STORY INLINE POST
Q: What difficulties do freelancers face in Latin America and why is a tool like Heru necessary?
MJ: With Heru, we are building tax automation infrastructure for Latin America, making it easier for people and companies to file their taxes by automating specific processes. Many freelancers in Mexico use apps to professionalize their work but the market does not have the infrastructure to support these jobs. In June 2020, a change in the law required any individual who delivers a service or product through a digital platform to file their taxes monthly, but this group was not prepared for the change. Through Heru, we are simplifying the lives of hundreds of thousands of independent workers and freelancers in Mexico.
Q: How does Heru bring together tax information like declarations, regularizations, and invoicing into one platform?
SR: Mexico has one of the most advanced electronic invoicing regulations and, recently, the SAT has put much more pressure on these platforms. We built Heru to link a fiscal account and automatically download all invoices, returns and revenues. We started processing deductions but expanded the service to process all tax information. Users can use the platform to prepare their monthly filings or review periods that have not been reported. To bring all this together, the fiscal account generated by SAT is crucial, so we safely connect it with the app to simplify the process.
Q: How can financial processes be regularized for freelancers who do not have fixed salaries?
MJ: Recently created jobs must report income to Mexico’s fiscal authority and even if a freelancer does not receive income for a month, they still have to file taxes for that month. Latin America and Mexico are undergoing three main changes: the digitalization of work, digitalization of payments and electronic invoicing. These elements generate traceability, allowing governments to understand how much a person is making. Heru compiles a person’s credentials and tax information in a secure way so they can easily file taxes monthly and make the correct deductions.
Q: Why has Heru’s value proposition attracted investors’ interest?
MJ: Quite frankly, taxes are boring, taxes are confusing, and taxes are not sexy, but someone needs to do them. There have been few technological advances for filing taxes, and we are developing the technology that was missing and putting it in the hands of those who need it.

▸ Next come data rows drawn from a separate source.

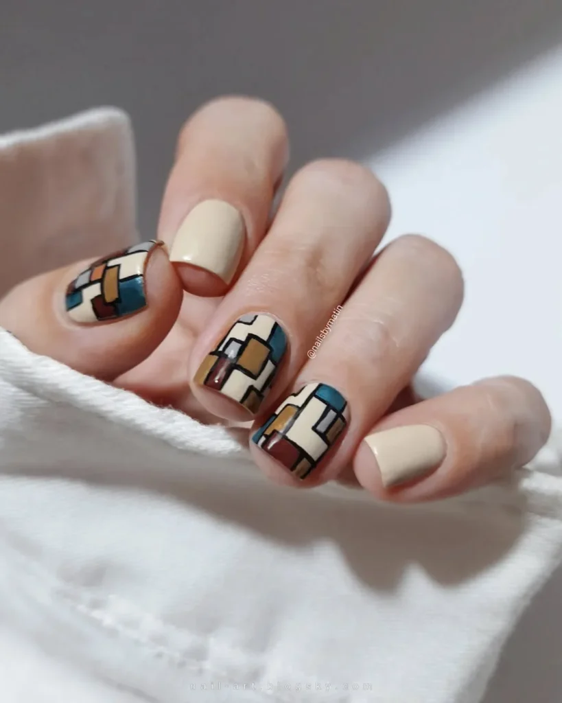 A sophisticated combination of beige and vibrant geometric patterns, this nail design stands out with its fusion of earthy neutrals and bold accent colors. The mix of rectangles and squares in blue, brown, and yellow adds visual interest, making it a versatile and stylish choice for fall. The muted beige tone helps to tone down the bold patterns.
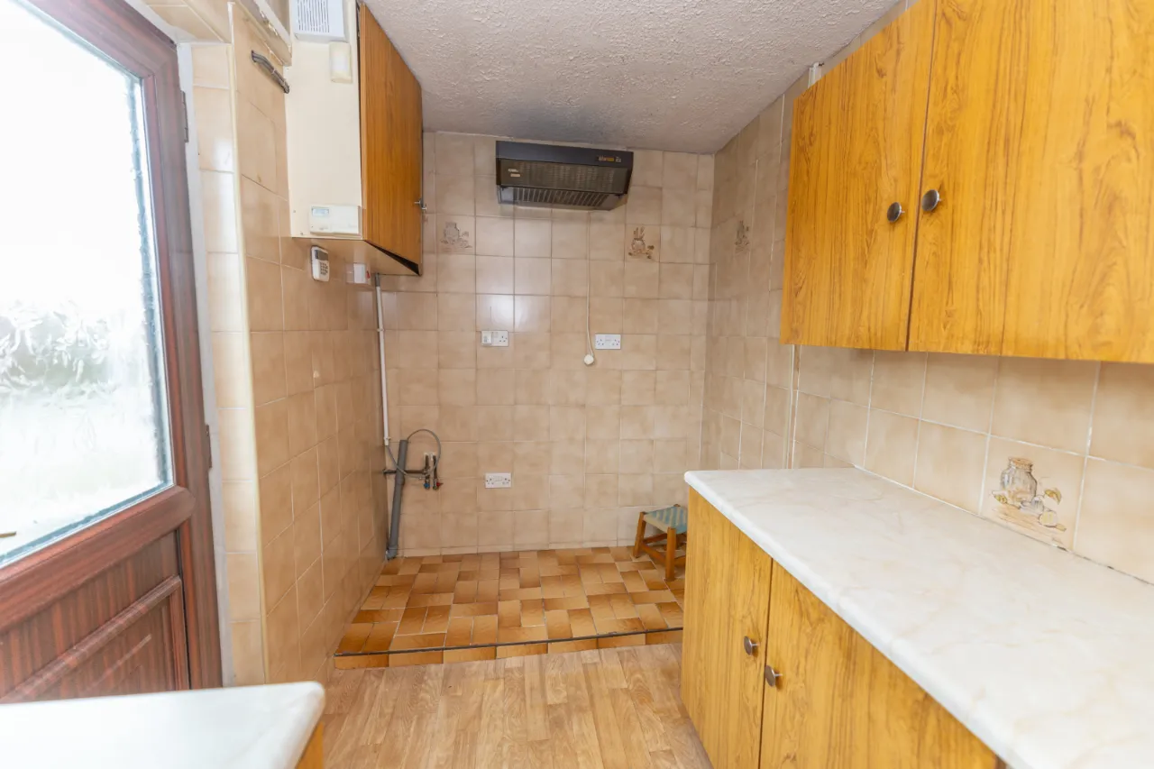 Range of upper and lower units with tiled splashback, stainless steel sink with drainer, laminate worktops, and plumbed for washing machine.
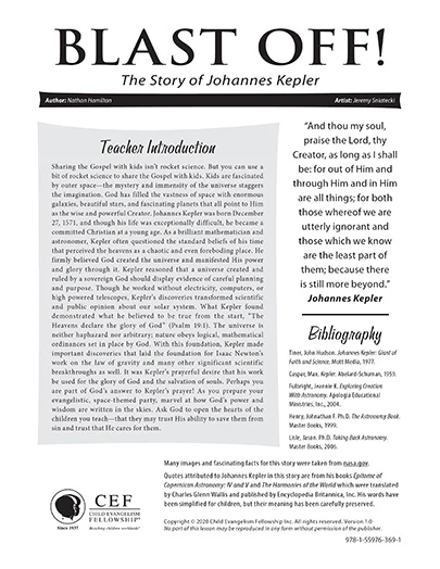 Blast Off! The Story of Johannes Kepler is a space-themed Party Club™ lesson that uses the wonders of the universe to help children learn that God the Creator has power to save them from sin and take care of them. Sharing the Gospel with children isn’t rocket science, but you can use a bit of rocket science to share the Gospel with children!
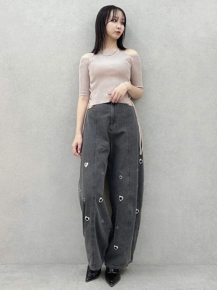 アメスリデザインを今季らしくアレンジしたアイテム。 細身のリブでコンパクトにシャープに仕上げておりスタイルアップを実現します。 裾のレースアップは結ばず、ゆらりとした躍動感が楽しめるのがポイント。
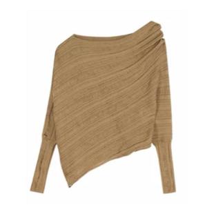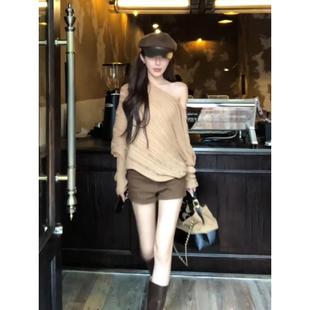 韩系氛围感穿搭露肩毛衣上衣 女2025早秋新款 法式 不规则斜肩针织衫

We attract investment because the first wave of technological evolution brought about new tax implications. There will likely be a second wave of technological developments, this time addressing infrastructure. Our role will be to allow all these financial solutions to work properly and in compliance with local regulations.
Q: Heru’s largest customers include Didi and Uber Eats workers. Why are these the people most in need of your services?
SR: The change in the regulation forced these workers to report their income every month. These individuals went from never having filed their taxes to have to file them every month. Companies also had to comply with certain obligations due to the change in the law. Gig economy workers are responsible for filing their own taxes, but if they do not file them, their employers are responsible for withholding a percentage of their income equal to their taxes. Thus, companies need to withhold 10.1 percent of the worker’s income and transfer it to the SAT as a baseline procedure. However, once the company does that, the SAT registers that the worker is not complying with the law and another 26 percent needs to be withheld. This is without taking into consideration the commissions the platform takes, so skipping taxes is a burden for companies and workers.
We allow workers to focus on making more income and we take care of the rest. This group needs Heru, but every taxpayer should be able to have this peace of mind.
Q: Besides growing in the Mexican market, what are Heru’s expansion plans?
MJ: Fortunately, the way our technology is built allows us to easily adapt it to different laws. In Latin America, the laws for tax filing processes are overall similar but require an understanding of their different specifications. Our B2B partners are also asking us to go to other countries where they have faced similar problems as in Mexico. We are very excited to do so but we also want to expand carefully.
Mexico is our first market, and we are proud of it, so before we move to other countries, we need to have the best version of Heru available. After Brazil, Mexico has some of the region's most advanced payment and invoice digitization processes. We will continue developing the platform before expanding.
Q: What are the next steps for Heru?
SR: In the short term, we plan to expand beyond freelancers and independent workers. Many in Mexico need a platform like Heru, even those whose employer files their taxes. With the digitalization of the workplace, some workers have a second job that requires them to make their own filings. We are expanding our app and services beyond tech platforms and independent workers to help other groups.
MJ: We built a great tool for certain individuals, but we are exploring how to make it available to everybody and add our services to other existing technology. It might be possible to embed our technology into that of companies, neo-banks, or banks so they can include it in the services they offer. We also want to strengthen our relationship with the businesses we work with and build solutions for the networking web we developed.
Heru is a tax filing app that is also becoming a one-stop solution for the self-employed in Latin America.